Elecciones Generales de febrero de 1936 (vía)
Entre las páginas de su inocente vodevil, Mendoza cuela la
inevitable tragedia de las dos Españas que culminó en un baño de sangre, en un
libro que con frecuencia me ha recordado las
descripciones históricas de Stanley G. Payne que hace poco comenté aquí.
Los resortes de Mendoza alcanzan desde las enseñanzas paralelas que el pasado de
la pintura española trae hasta 1936, a las breves pinceladas de historia que
pone en pensamiento o boca de determinados personajes en parajes de apreciable
objetividad que no afectan al ritmo. La novela es también un retrato enamorado
de Madrid, la capital de un país de hombres con razones personales y de clase, pero
con tendencia todos ellos -excepto los curas- a un hedonismo innato que resulta
descuartizado por las ideologías y el pistolerismo.

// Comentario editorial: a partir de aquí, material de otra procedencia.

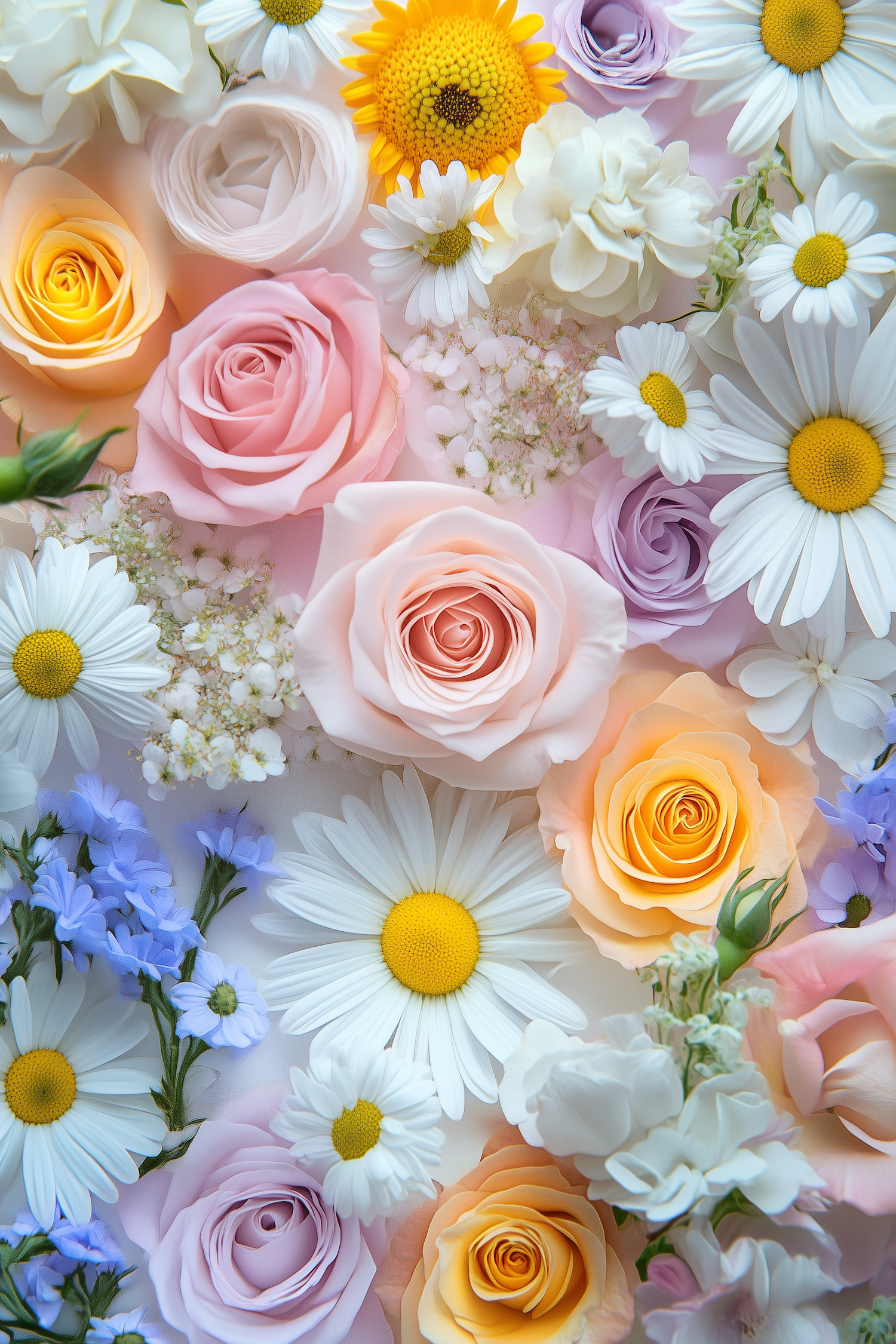 A beautiful arrangement of pastel roses, daisies, and small flowers in soft hues, creating a harmonious and vibrant floral display.
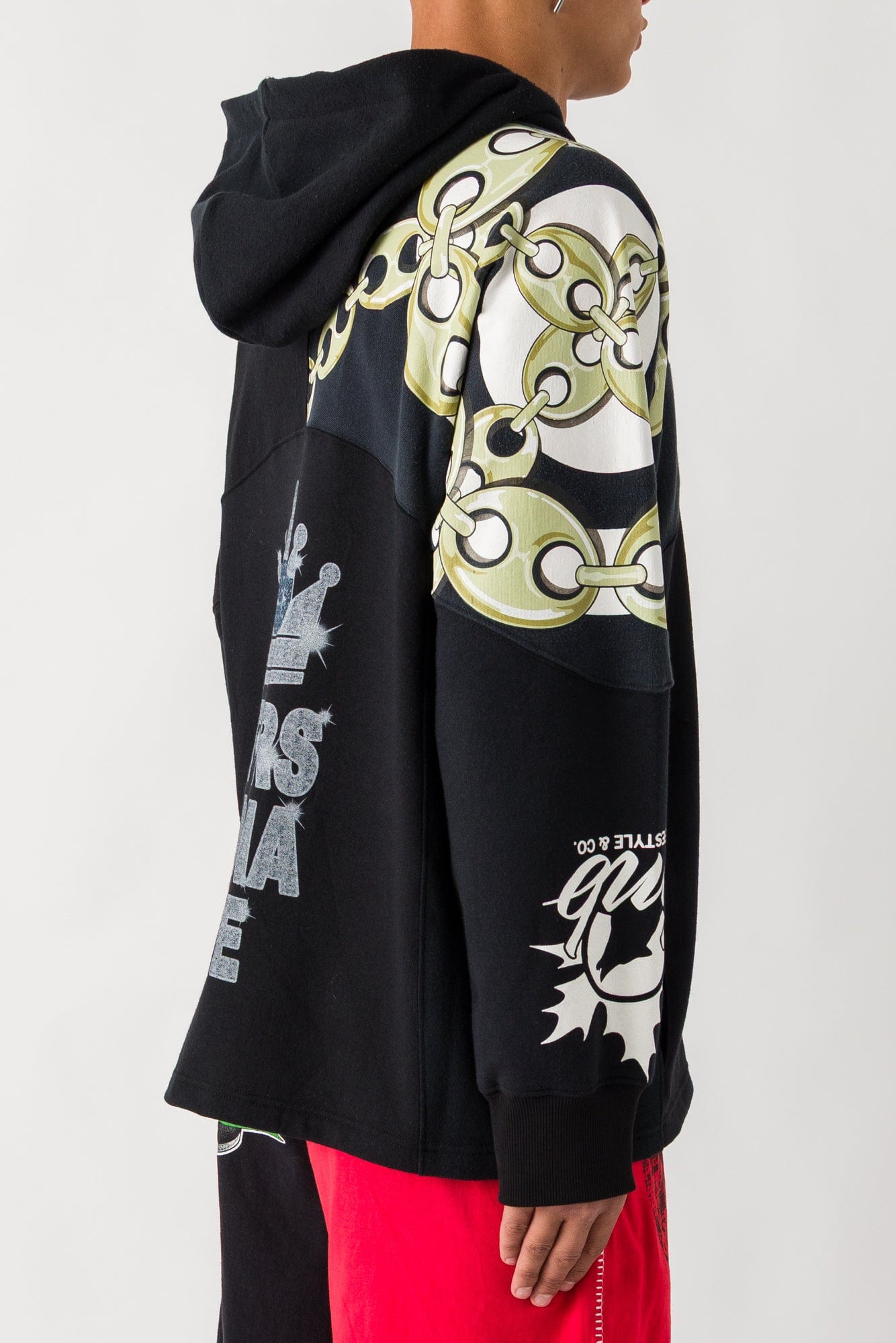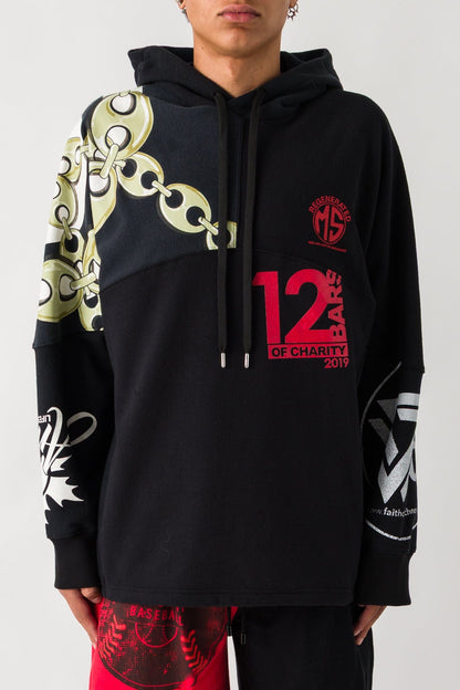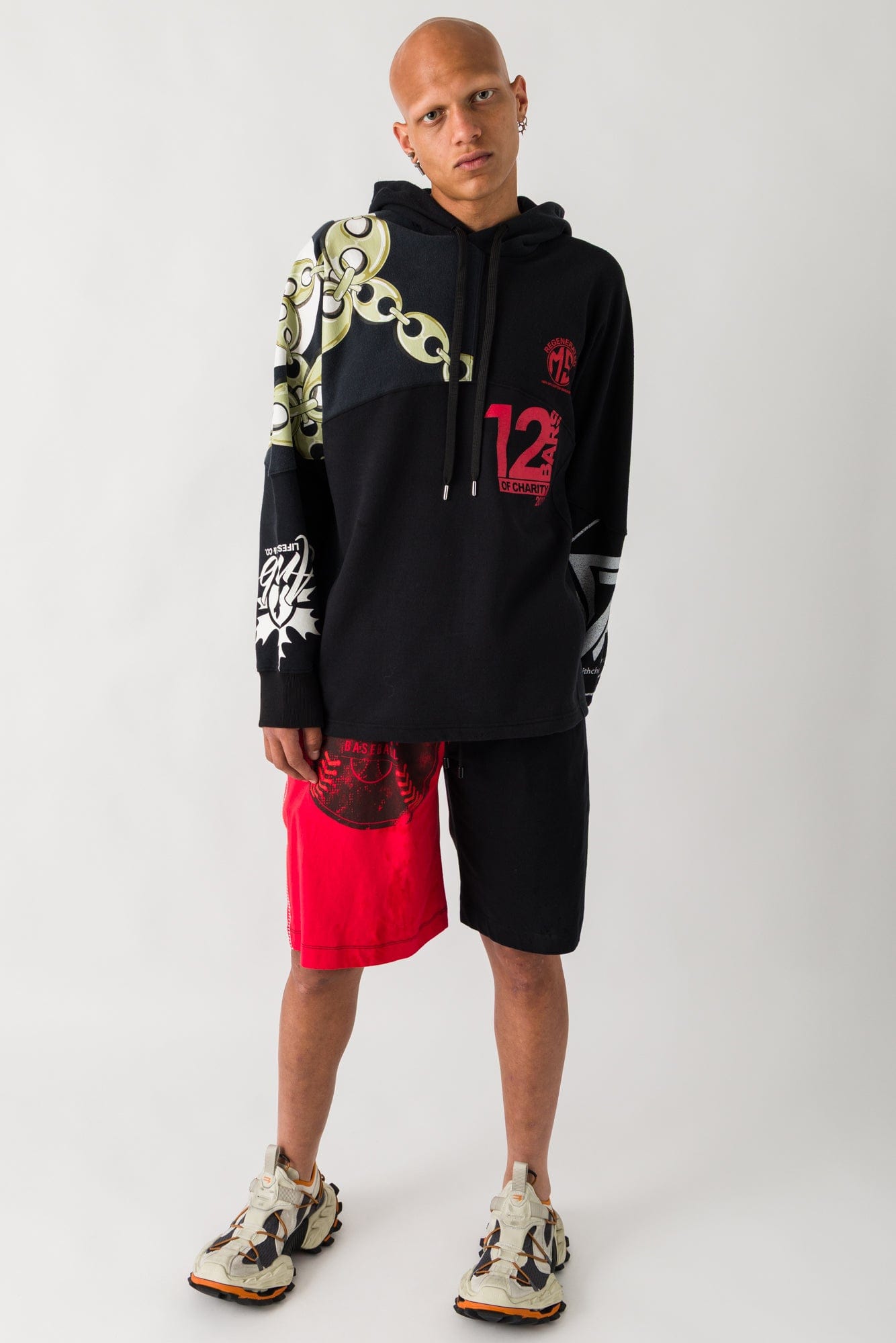 Marine Serre presents the Regenerated Graphic Sweatshirts in Black for their Fall/Winter 2025 collection. This unisex regular fit hoodie is created using sustainable upcycling methods that ensure every garment is one-of-a-kind with distinctive print details.

Terrazas en Madrid, en 1935 (vía)
La inevitabilidad determinista de la tragedia hace que el libro
no termine con el clímax previsto de un best seller, sino con una
sensación agridulce de abandono a criaturas a las que hemos aprendido a querer
en 400 páginas y cuyo destino incierto acaba por herir dado el tono levemente
cómico de parte de su narración. Es un libro en equilibrio permanente,
consciente del material que trabaja, y en el que parece fácil superar la
dialéctica que dicta la historia que llevamos en nuestro ser común como casi
imposible país, siendo obviamente complicadísimo. Que Mendoza lo consiga creo
contribuye (me gustaría decir enormemente, pero, hey, hablamos de literatura en
España) a pensar que esa Historia sesgada y malhadada que vierte una sombra
alargada sobre nuestras generaciones empieza a ser herida cauterizada. Que lo
haga usando tanto el vodevil de salón como la comparación con el gran arte –en ese
Velázquez que puntea la acción- es asombroso. Mendoza es posiblemente el mejor
escritor de su generación.
Eduardo Mendoza (vía)
Habrá que seguir leyendo a Mendoza para poder rescatar joyitas así.
ResponderEliminarIndeed!
EliminarGracias, Molina!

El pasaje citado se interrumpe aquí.